> [Task description]
Set out exactly, line by line, the stretch of data below that begins at the line containing "Read full return" and ends at the line containing "GB/T 46525-2025 空间数据与信息传输系统 航天器信息系统业务和协议体系结构", with both ends kept.

> [Supplied material]
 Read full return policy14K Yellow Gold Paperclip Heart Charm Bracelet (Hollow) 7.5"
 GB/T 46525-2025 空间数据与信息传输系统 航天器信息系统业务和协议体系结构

---

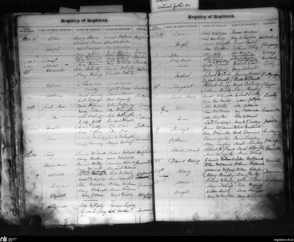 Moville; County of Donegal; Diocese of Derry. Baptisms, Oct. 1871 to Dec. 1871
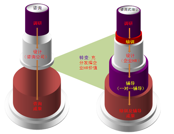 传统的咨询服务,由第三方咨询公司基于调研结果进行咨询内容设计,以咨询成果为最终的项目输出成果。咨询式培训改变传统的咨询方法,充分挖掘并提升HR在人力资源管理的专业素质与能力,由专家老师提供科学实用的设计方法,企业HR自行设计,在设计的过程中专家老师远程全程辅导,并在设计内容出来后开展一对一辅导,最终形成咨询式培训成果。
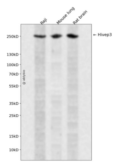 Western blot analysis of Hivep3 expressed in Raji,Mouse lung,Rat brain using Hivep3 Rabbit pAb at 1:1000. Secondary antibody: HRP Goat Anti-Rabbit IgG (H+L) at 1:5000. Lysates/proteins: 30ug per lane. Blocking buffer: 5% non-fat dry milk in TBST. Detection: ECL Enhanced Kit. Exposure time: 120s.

* * *

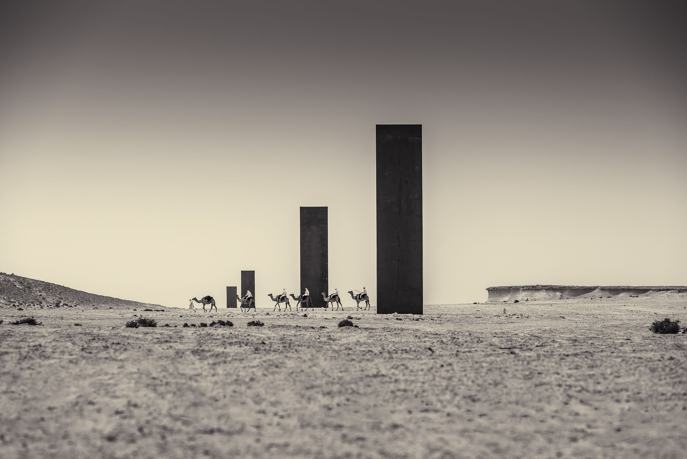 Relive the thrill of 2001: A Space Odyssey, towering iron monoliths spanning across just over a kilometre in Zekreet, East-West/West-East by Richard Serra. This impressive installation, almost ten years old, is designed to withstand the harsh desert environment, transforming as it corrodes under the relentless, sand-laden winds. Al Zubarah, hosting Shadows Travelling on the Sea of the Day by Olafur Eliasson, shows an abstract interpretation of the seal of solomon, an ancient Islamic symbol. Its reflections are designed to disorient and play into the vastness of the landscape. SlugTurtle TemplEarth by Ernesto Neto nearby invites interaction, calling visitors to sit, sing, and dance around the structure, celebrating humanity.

> [Task solution]
 Read full return policy14K Yellow Gold Paperclip Heart Charm Bracelet (Hollow) 7.5"
 GB/T 46525-2025 空间数据与信息传输系统 航天器信息系统业务和协议体系结构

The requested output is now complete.